WIDEO: Barometr Bartusia

- Przyznaję się do wszystkich zarzutów – oskarżony nie krył na rozprawie. 33-latek to z zawodu fototechnik, który dorabiał sobie jako fotograf na ślubach. Był już karany.
W ostatnich latach pieniędzy raczej mu nie brakowało, bo odziedziczył sporą fortunę, którą przehulał w dwa lata. Dla nałogowego hazardzisty, jakim się stał, wydawanie takiej gotówki to nie był problem.

- W latach 2014-15 przegrałem tyle, ile posiadałem, czyli 2 mln 300 tys. zł. Długów z hazardu nie miałem, ale one pojawiły się w związku z prowadzeniem przeze mnie działalności gospodarczej.
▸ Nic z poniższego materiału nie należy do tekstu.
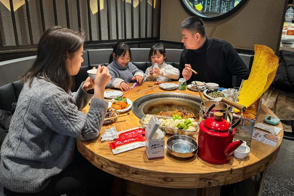2月7日,从杭州来沈阳旅游的王先生一家在沈阳市浑南区的山河屯铁锅炖饭店内品尝铁锅炖大鹅。 新华社记者 潘昱龙 摄
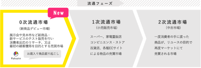 「Makuake」では、商品を大量生産する前に先行予約販売を募ることができるため、新商品やサービスのテストマーケティングの場として活用されることが多く、当社はこの市場を1次流通市場である一般販売の前の市場として「0次流通市場」と名付け、発信してまいりました。

Sięgały 200 tys. zł – opowiadał. Lubił prowokować, pewnie dlatego swoją firmę nazwał Niczym Nieograniczony Bezmiar Wszechrzeczy. W jej ramach przez cztery lata prowadził handel sprzętem fotograficznymi i komputerowym oraz usługi graficzne i wykonywanie zdjęć.

Gdy nałóg hazardu stał się nieznośny Dawid poddał się kuracji w zamkniętej placówce. Potem kontynuował leczenie podczas terapii otwartych, aż w końcu sam uznał, że jest już zdrowy. Zerwał z hazardem, ale pojawiły się inne pokusy.

Raz wybrał się na seks imprezę do Krakowa, na której było młode małżeństwo. Gdy byli zajęci sobą Dawid przeglądnął ich portfele i zrobił zdjęcia dokumentów. W sądzie mówi o tym co się wtedy stało „wstydliwy dla mnie temat”. Ciągnęło go do hazardu i potrzebował nowej tożsamości, by założyć konto brokerskie. Gdy tak robił otrzymał bonus w postaci wirtualnej waluty w wysokości 50 dolarów. Przez pewien czas mógłby za to bezpiecznie grać bez angażowania realnych pieniędzy.

- Miałem potrzebę grania, ale dopóki grałem wirtualną walutą to nie bałem się o powrót do patologicznego hazardu - nie krył.
Zdjęć dokumentów małżonków nie wykorzystał od razu. Zrobił to dopiero rok później, gdy ciekawość zawładnęła jego myślami. Opowiadał potem, że postanowił sprawdzić czy na swoje nazwisko i cudze karty kredytowe można coś kupić. W sieci, w serwisie zakupowym amazon.com., wybrał towar, wpisał numer karty jednego z małżonków, podał swoje dane i w ten sposób kupił plastikowe karty za około 300 zł.

Jego żona wyłączyła możliwość przelewów internetowych ze względu na hazard męża, więc Dawid musiał mieć inne dane i inną kartę. Cztery transakcje, które przeprowadził na koszt znajomego małżeństwa doszły do skutku.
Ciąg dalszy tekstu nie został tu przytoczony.